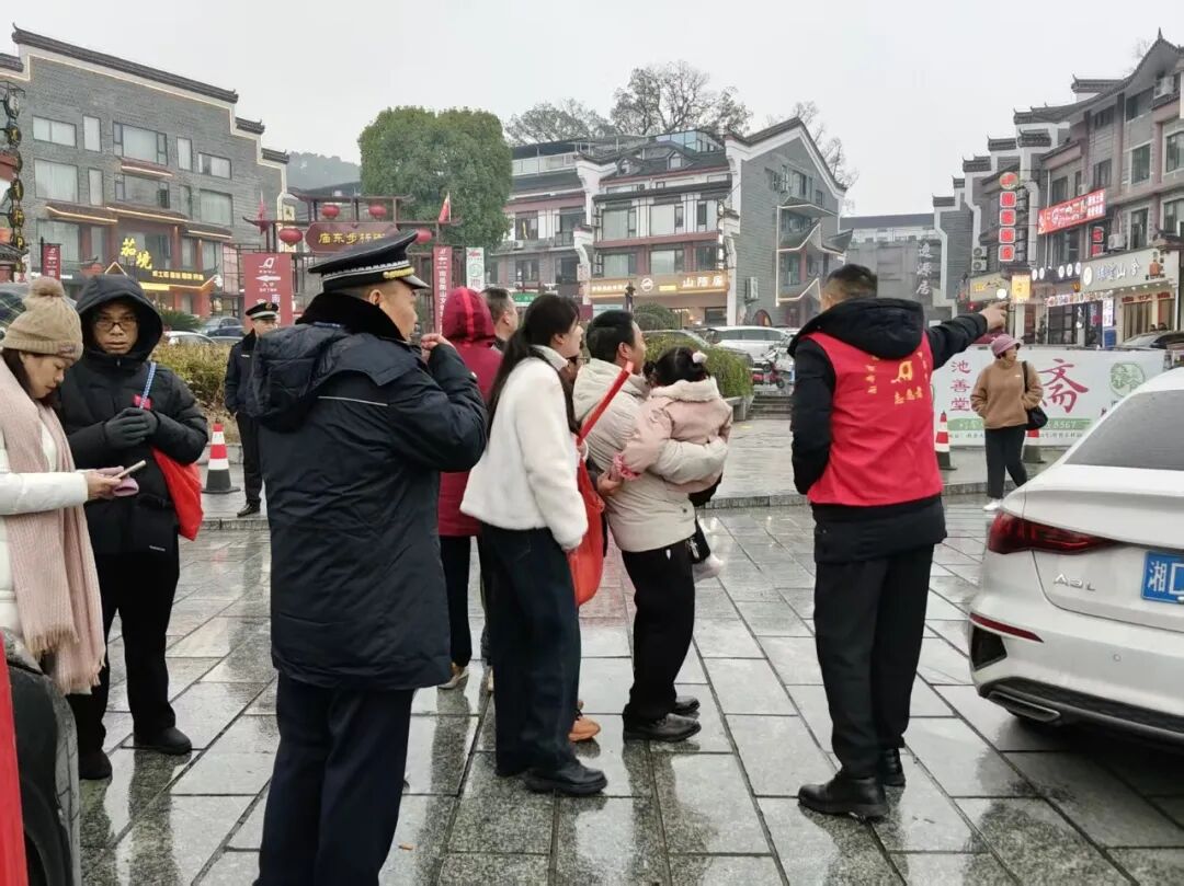 春节期间,南岳景区迎来客流高峰,祝融街道组织辖区党员干部、青年学生、热心居民组成志愿队伍坚守一线,以热忱服务迎接八方游客,让一抹抹"志愿红"成为南岳最动人的节日风景。
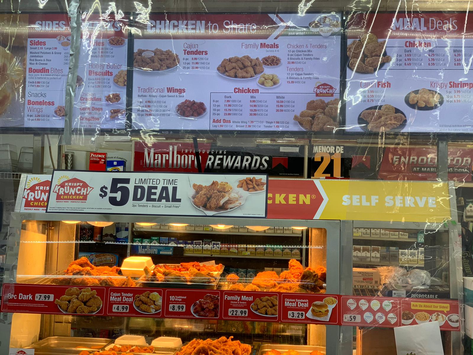This small place has every thing you would want in a convenient store. The staff were friendly and welcoming. They just fried up some chicken. It was fresh & tasty, but a little heavy on salt. Plus, it's a little high in price. However, I would go back to try something else on the menu
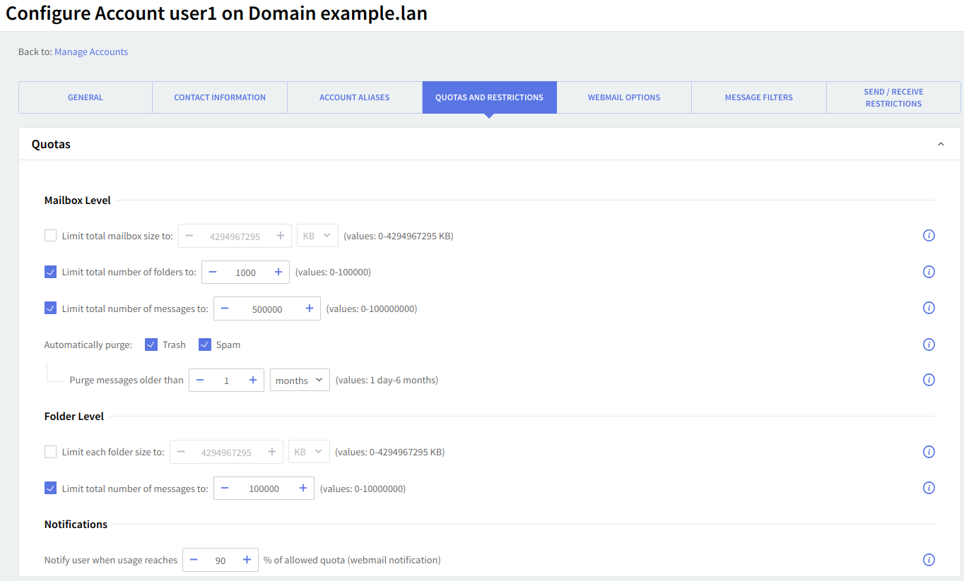 At the mailbox level, the total mailbox size, the total number of folders, and the total number of messages can be limited by selecting the respective options in the "Mailbox" area and using the up and down arrows to adjust the limits to the desired value. For the total size limit, use the available drop-down menu to select if you want it calculated in KB, MB, or GB.

_Exercise details_: Transcribe every line of the data exactly. No pictures go in the copy.

_Solution to this exercise_:
 春节期间,南岳景区迎来客流高峰,祝融街道组织辖区党员干部、青年学生、热心居民组成志愿队伍坚守一线,以热忱服务迎接八方游客,让一抹抹"志愿红"成为南岳最动人的节日风景。
This small place has every thing you would want in a convenient store. The staff were friendly and welcoming. They just fried up some chicken. It was fresh & tasty, but a little heavy on salt. Plus, it's a little high in price. However, I would go back to try something else on the menu
 At the mailbox level, the total mailbox size, the total number of folders, and the total number of messages can be limited by selecting the respective options in the "Mailbox" area and using the up and down arrows to adjust the limits to the desired value. For the total size limit, use the available drop-down menu to select if you want it calculated in KB, MB, or GB.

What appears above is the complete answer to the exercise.